### YOUR ASSIGNMENT
Before copying the entries, remove the pictures; everything else stays exactly as it is.

### GIVEN ENTRIES
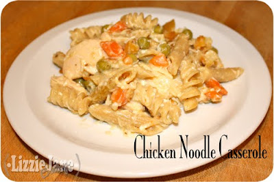 I came up with this recipe one night when looking up recipes on line. I found myself looking at tuna noodle casserole recipes at kraft foods. I like tuna noodle casserole, but knew my kids and hubby wouldn’t dig it.  But thought they just might go for chicken noodle casserole!
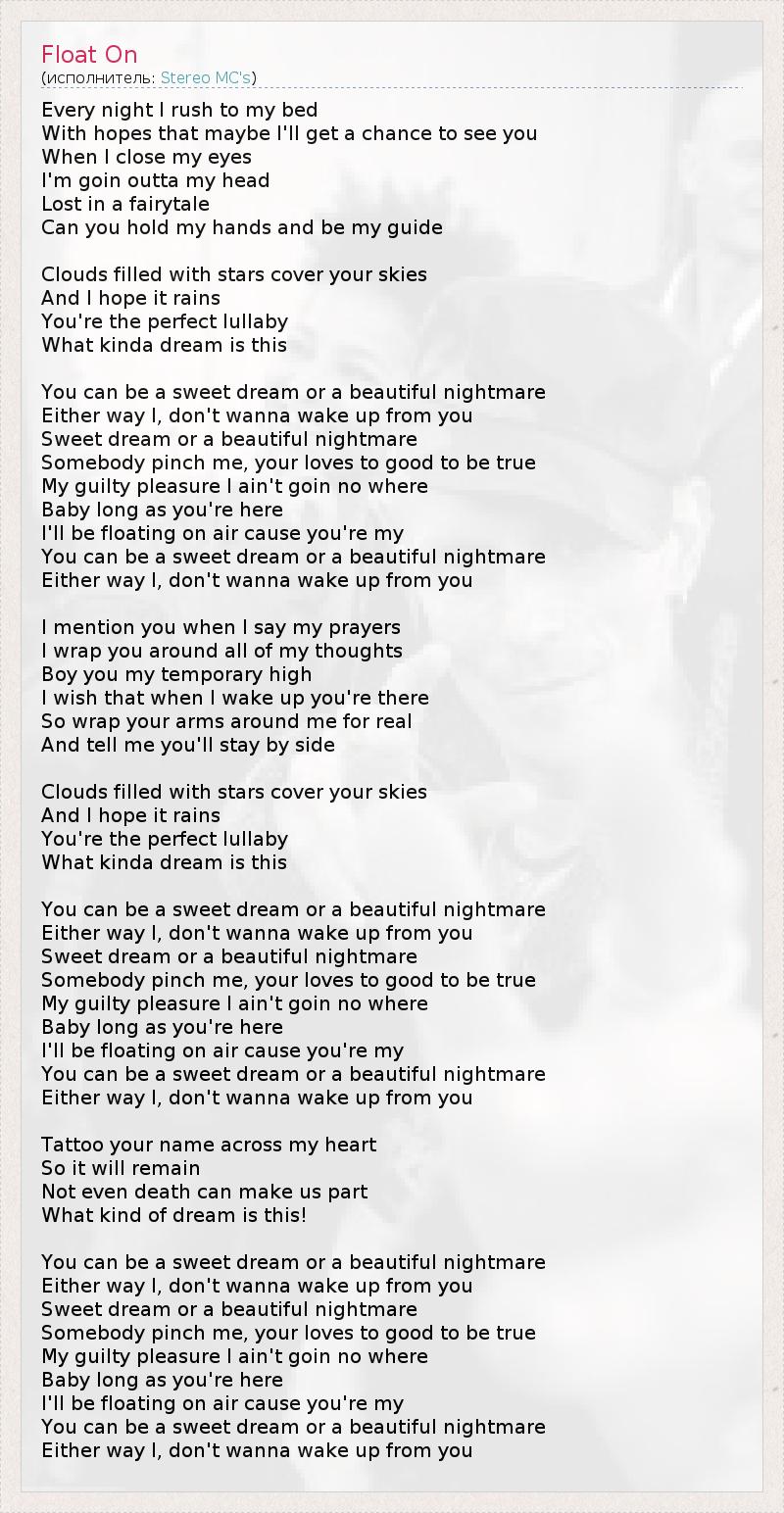 Я мечтаю, что, когда я проснусь, ты будешь здесь.
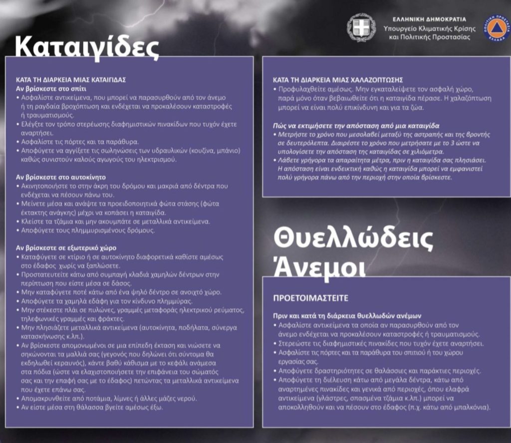 Σας ενημερώνουμε επίσης ότι στην ιστοσελίδα της Περιφέρειας Νοτίου Αιγαίου (https://www.pnai.gov.gr/archives/16891) υπάρχουν αναρτημένες Οδηγίες Προστασίας από Έντονα Καιρικά Φαινόμενα και από έκτακτα φαινόμενα καταστροφών (φυσικών και τεχνολογικών) καθώς και σχετικές πληροφορίες με σκοπό την πληρέστερη ενημέρωση των πολιτών και στην ιστοσελίδα της Γενικής Γραμματείας Πολιτικής Προστασίας υπάρχει αναρτημένο έντυπο με οδηγίες αυτοπροστασίας από φυσικές καταστροφές. Το κείμενο περιλαμβάνει απλές οδηγίες και χρήσιμες πληροφορίες για προστασία από κινδύνους όπως οι σεισμοί, οι κατολισθήσεις, οι δασικές πυρκαγιές, τα έντονα καιρικά φαινόμενα κ.ά. στον ακόλουθο σύνδεσμο:
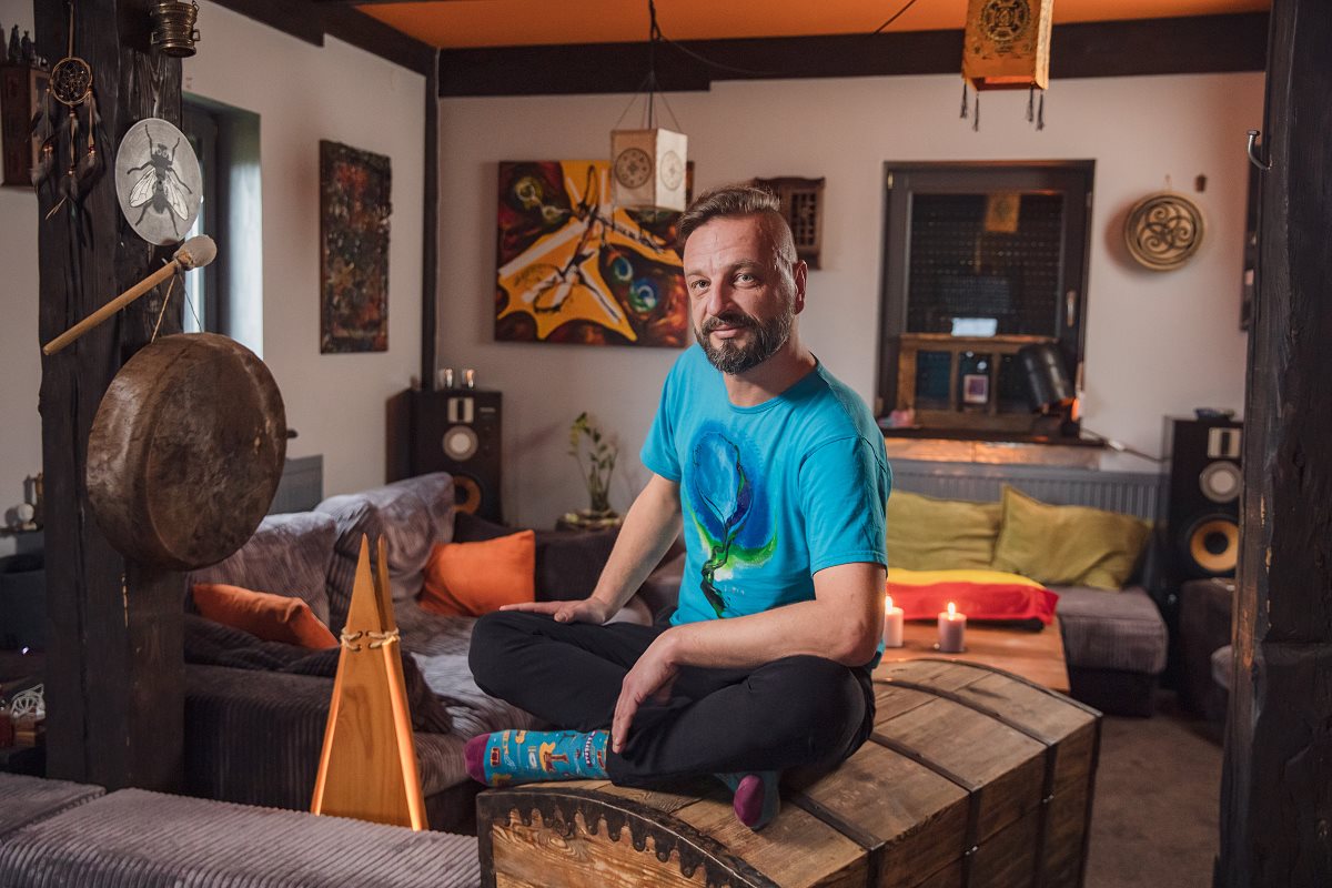 Grzegorz pochodzi ze Strzyżowa, ale to Połomia stała się jego oazą i twórczą inspiracją. To tutaj, w przydomowej pracowni, ozdabia ubrania, które sam projektuje. Te, gdy tylko zostaną uszyte z wysokogatunkowej, polskiej bawełny w zaprzyjaźnionej, rzeszowskiej szwalni, trafiają pod jego pędzel.
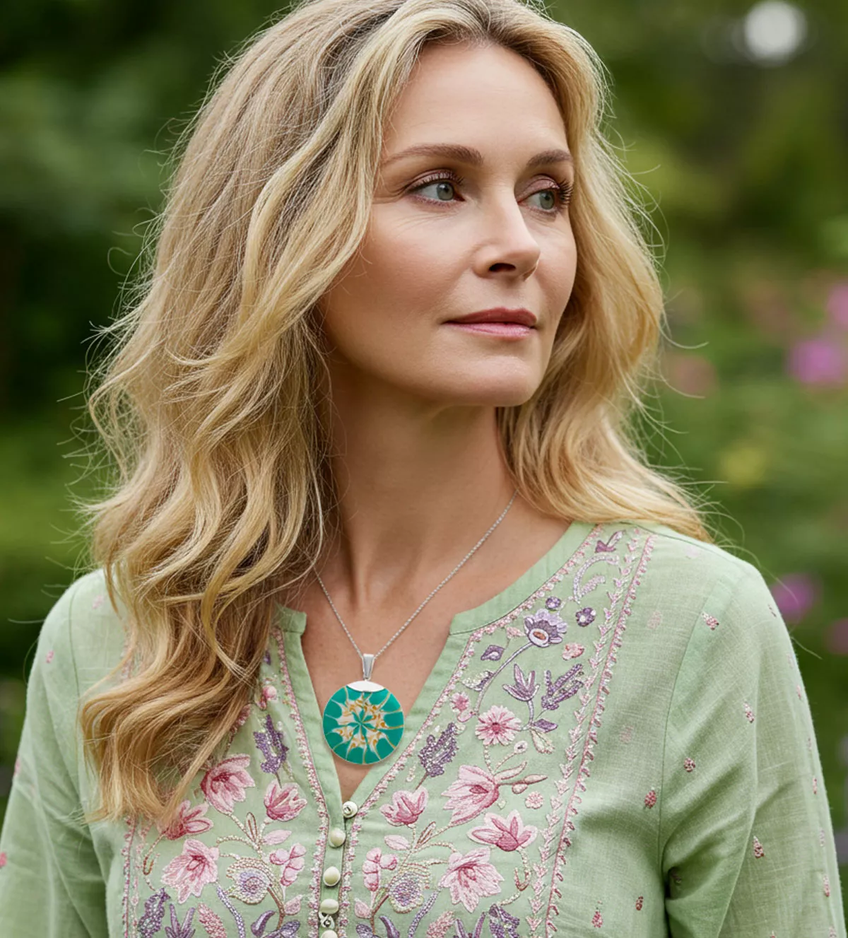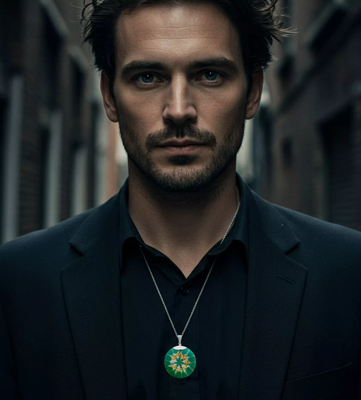 El diseño de este colgante de plata es lo que realmente lo hace destacar. Su forma circular, combinada con un asa tipo escudo, crea un equilibrio perfecto entre modernidad y simbolismo ancestral. La combinación de colores y el contraste de texturas convierten esta joya en una obra de arte versátil, ideal para quienes buscan un toque diferente.
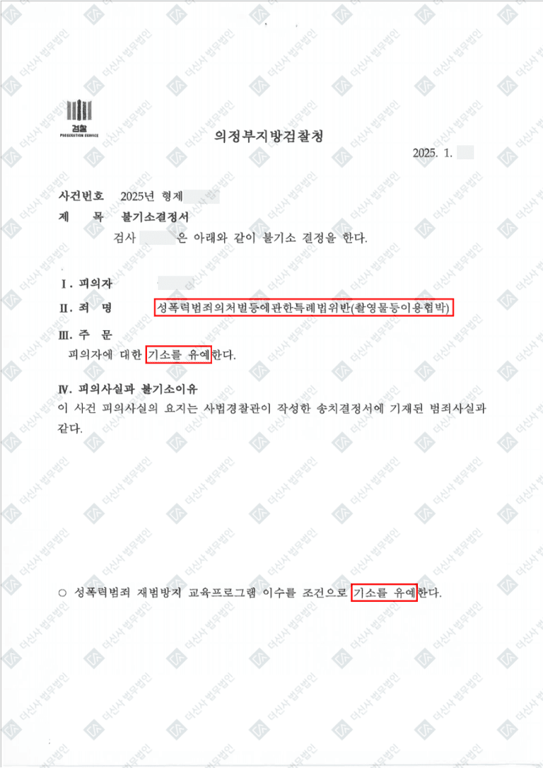 의뢰인이 경찰로부터 연락을 받은 직후 저희에게 도움을 요청했을 때, 사건의 심각성을 고려하여 신속한 대응이 필요했습니다. 메시지를 통해 성관계 영상을 통한 협박 행위가 인정되는 사안이었기에 최악의 경우, 실형의 가능성 조차 배제할 수 없는 심각한 상황으로 인해 의뢰인은 극도의 불안감을 느끼고 있었으나, 저희는 유사한 사건에서 기소유예를 이끌어낸 사례를 바탕으로 철저한 법적 대응이 가능하다는 점을 설명드렸습니다.
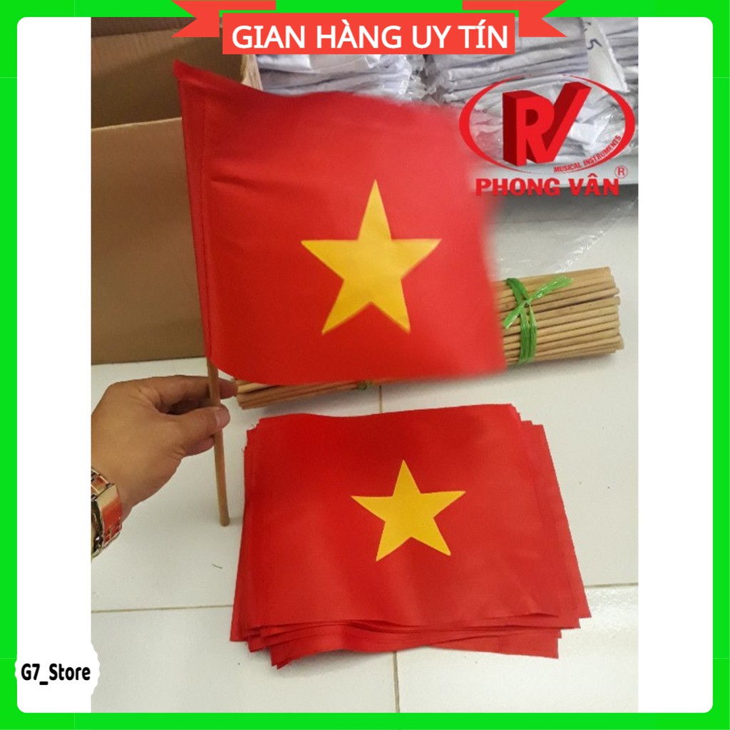 -Sản phẩm gồm 10 cờ vẫy tổ quốc cầm tay-Được sản xuất từ vải satanh bóng và bền
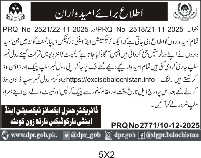 Excise and Taxation Department Balochistan Narcotics Department PRQ Submissions
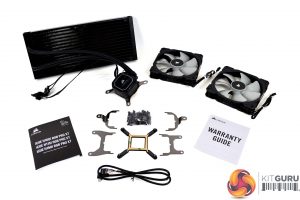 Inside the box is an additional layer of protective cardboard packaging along with two Corsair ML140 fans, mounting hardware for Intel and AMD platforms including TR4/TRX40, a USB cable with motherboard header connection, an installation manual, warranty booklet and of course, the cooler itself.
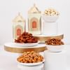 Infused with heritage charm and festive warmth, this exquisite Diwali hamper features a beautifully illustrated gift box with intricate floral and arch motifs. Inside, discover premium metal jars, a set of artisanal dry fruit sweets, a charming elephant-themed decor piece, a metal diya, and a festive tin container. Perfectly blending tradition and indulgence, this hamper makes a stunning gift for Diwali celebrations, whether for family or friends. Thoughtfully curated, it adds a regal touch to your gifting moments and captures the true spirit of the festival.
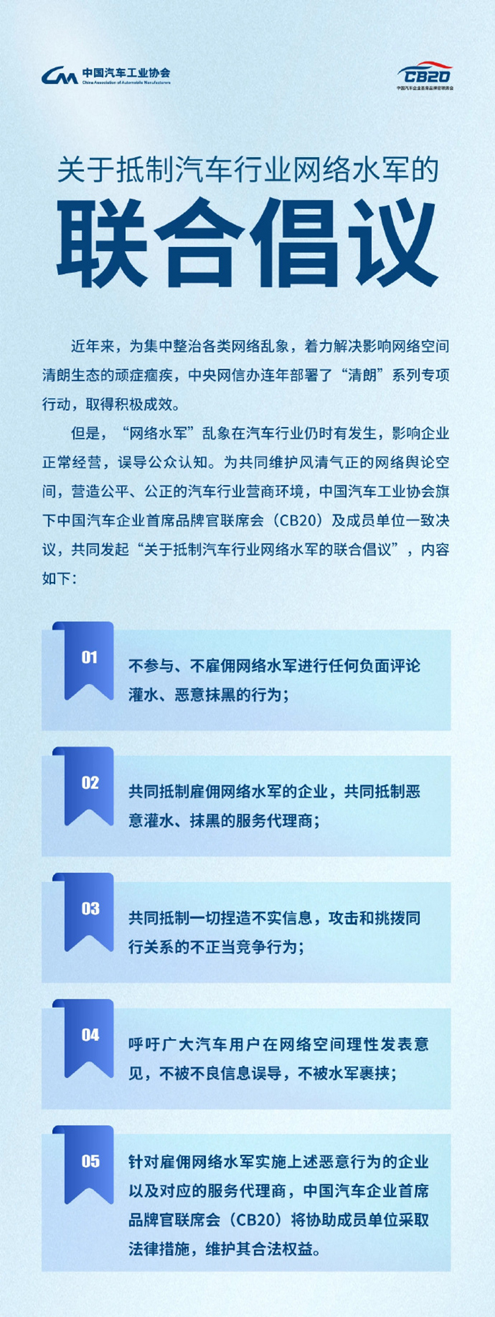 中新網(wǎng)3月24日電(中新財經(jīng) 葛成) 24日,中新財經(jīng)從中汽協(xié)獲悉,為共同維護風(fēng)清氣正的網(wǎng)絡(luò)輿論空間,營造公平、公正的汽車行業(yè)營商環(huán)境,中國汽車工業(yè)協(xié)會旗下中國汽車企業(yè)首席品牌官聯(lián)席會(CB20)及成員單位一致決議,共同發(fā)起“關(guān)于抵制汽車行業(yè)網(wǎng)絡(luò)水軍的聯(lián)合倡議”。
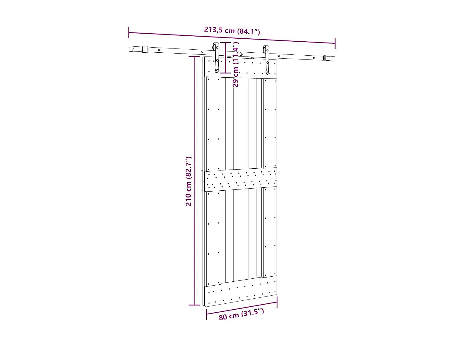 Porta Scorrevole con Set Hardware 80x210 cm Legno Massello Pino

### EXPECTED ANSWER
 I came up with this recipe one night when looking up recipes on line. I found myself looking at tuna noodle casserole recipes at kraft foods. I like tuna noodle casserole, but knew my kids and hubby wouldn’t dig it.  But thought they just might go for chicken noodle casserole!
 Я мечтаю, что, когда я проснусь, ты будешь здесь.
 Σας ενημερώνουμε επίσης ότι στην ιστοσελίδα της Περιφέρειας Νοτίου Αιγαίου (https://www.pnai.gov.gr/archives/16891) υπάρχουν αναρτημένες Οδηγίες Προστασίας από Έντονα Καιρικά Φαινόμενα και από έκτακτα φαινόμενα καταστροφών (φυσικών και τεχνολογικών) καθώς και σχετικές πληροφορίες με σκοπό την πληρέστερη ενημέρωση των πολιτών και στην ιστοσελίδα της Γενικής Γραμματείας Πολιτικής Προστασίας υπάρχει αναρτημένο έντυπο με οδηγίες αυτοπροστασίας από φυσικές καταστροφές. Το κείμενο περιλαμβάνει απλές οδηγίες και χρήσιμες πληροφορίες για προστασία από κινδύνους όπως οι σεισμοί, οι κατολισθήσεις, οι δασικές πυρκαγιές, τα έντονα καιρικά φαινόμενα κ.ά. στον ακόλουθο σύνδεσμο:
 Grzegorz pochodzi ze Strzyżowa, ale to Połomia stała się jego oazą i twórczą inspiracją. To tutaj, w przydomowej pracowni, ozdabia ubrania, które sam projektuje. Te, gdy tylko zostaną uszyte z wysokogatunkowej, polskiej bawełny w zaprzyjaźnionej, rzeszowskiej szwalni, trafiają pod jego pędzel.
 El diseño de este colgante de plata es lo que realmente lo hace destacar. Su forma circular, combinada con un asa tipo escudo, crea un equilibrio perfecto entre modernidad y simbolismo ancestral. La combinación de colores y el contraste de texturas convierten esta joya en una obra de arte versátil, ideal para quienes buscan un toque diferente.
 의뢰인이 경찰로부터 연락을 받은 직후 저희에게 도움을 요청했을 때, 사건의 심각성을 고려하여 신속한 대응이 필요했습니다. 메시지를 통해 성관계 영상을 통한 협박 행위가 인정되는 사안이었기에 최악의 경우, 실형의 가능성 조차 배제할 수 없는 심각한 상황으로 인해 의뢰인은 극도의 불안감을 느끼고 있었으나, 저희는 유사한 사건에서 기소유예를 이끌어낸 사례를 바탕으로 철저한 법적 대응이 가능하다는 점을 설명드렸습니다.
 -Sản phẩm gồm 10 cờ vẫy tổ quốc cầm tay-Được sản xuất từ vải satanh bóng và bền
 Excise and Taxation Department Balochistan Narcotics Department PRQ Submissions
 Inside the box is an additional layer of protective cardboard packaging along with two Corsair ML140 fans, mounting hardware for Intel and AMD platforms including TR4/TRX40, a USB cable with motherboard header connection, an installation manual, warranty booklet and of course, the cooler itself.
 Infused with heritage charm and festive warmth, this exquisite Diwali hamper features a beautifully illustrated gift box with intricate floral and arch motifs. Inside, discover premium metal jars, a set of artisanal dry fruit sweets, a charming elephant-themed decor piece, a metal diya, and a festive tin container. Perfectly blending tradition and indulgence, this hamper makes a stunning gift for Diwali celebrations, whether for family or friends. Thoughtfully curated, it adds a regal touch to your gifting moments and captures the true spirit of the festival.
 中新網(wǎng)3月24日電(中新財經(jīng) 葛成) 24日,中新財經(jīng)從中汽協(xié)獲悉,為共同維護風(fēng)清氣正的網(wǎng)絡(luò)輿論空間,營造公平、公正的汽車行業(yè)營商環(huán)境,中國汽車工業(yè)協(xié)會旗下中國汽車企業(yè)首席品牌官聯(lián)席會(CB20)及成員單位一致決議,共同發(fā)起“關(guān)于抵制汽車行業(yè)網(wǎng)絡(luò)水軍的聯(lián)合倡議”。
 Porta Scorrevole con Set Hardware 80x210 cm Legno Massello Pino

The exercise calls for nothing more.